M. Ward should have been the commencement speaker at my college graduation instead of the blindingly sequined, paperback-writing, thriller novelist swami who dispensed the sole pearlescent aphorism of “Give ’em hell!” before talking mostly about shoes, and not even as a metaphor. She shall remain nameless, but her address to the most universally disrespected college (Liberal Arts) of a proudly engineering-dominated school (Cal Poly)
did little to swell us grads’ hopes for the future, nor predict a future beyond the vague ellipses of the day. Whereas Ward is the most successful Cal Poly graduate that none of the current students have ever heard of (as is standard in that beachside culture when your name isn’t Jack Johnson), and more taciturn (that’s an understatement), his grace conjured more eloquence than the swami on Saturday at Central Park Summerstage. And at least he didn’t talk about stilettos.
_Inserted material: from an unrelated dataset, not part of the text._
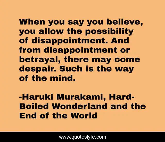 This page presents the quote "When you say you believe, you allow the possibility of disappointment. And from disappointment or betrayal, there may come despair. Such is the way of the mind.". Author of this quote is Haruki Murakami, Hard-Boiled Wonderland and the End of the World. This quote is about belief, disappointment,.

Ward, of numerous solo albums and She & Him with Zooey Deschanel, was rumored to hate the school and escaped to Portland in reactionary disgust. But his newer trails suit him; on Saturday evening, he grinned while greeting Central Park Summerstage, the final stop of his recent tour (in support of this year’s folk sundry Hold Time). The hoarse singer-songwriter seemed pleased by the recent experience– “I can’t think of a better place to end this tour than Central Park” he said with a rare laugh, pointing to the beautiful Rumsey Playfield surroundings. Whereas workaholics Mike Watt & Nels Cline had jammed indiscriminately before, perhaps trying to taunt soggy, adjacent All Points West with a real Summer of Love redux, Ward exuded a quiet, content momentum, opening with the funereal pensiveness of “Sad Sad Song” and rolling into his version of an Americana party, drawing heavily from the seeping uptempo catchiness of Hold Time and 2006’s Post-War.
The picnicking crowd was boisterous but polite–no airborne anything, unlike the end-of-days pool party scenes at Williamsburg Waterfront. Ward seemed happy, at least, twitching into smiles with a readiness he hasn’t before exhibited. Maybe the fresh air did him good; maybe the merriment stemmed from another concluding chapter. It made sense, anyway, his example of learning from the present.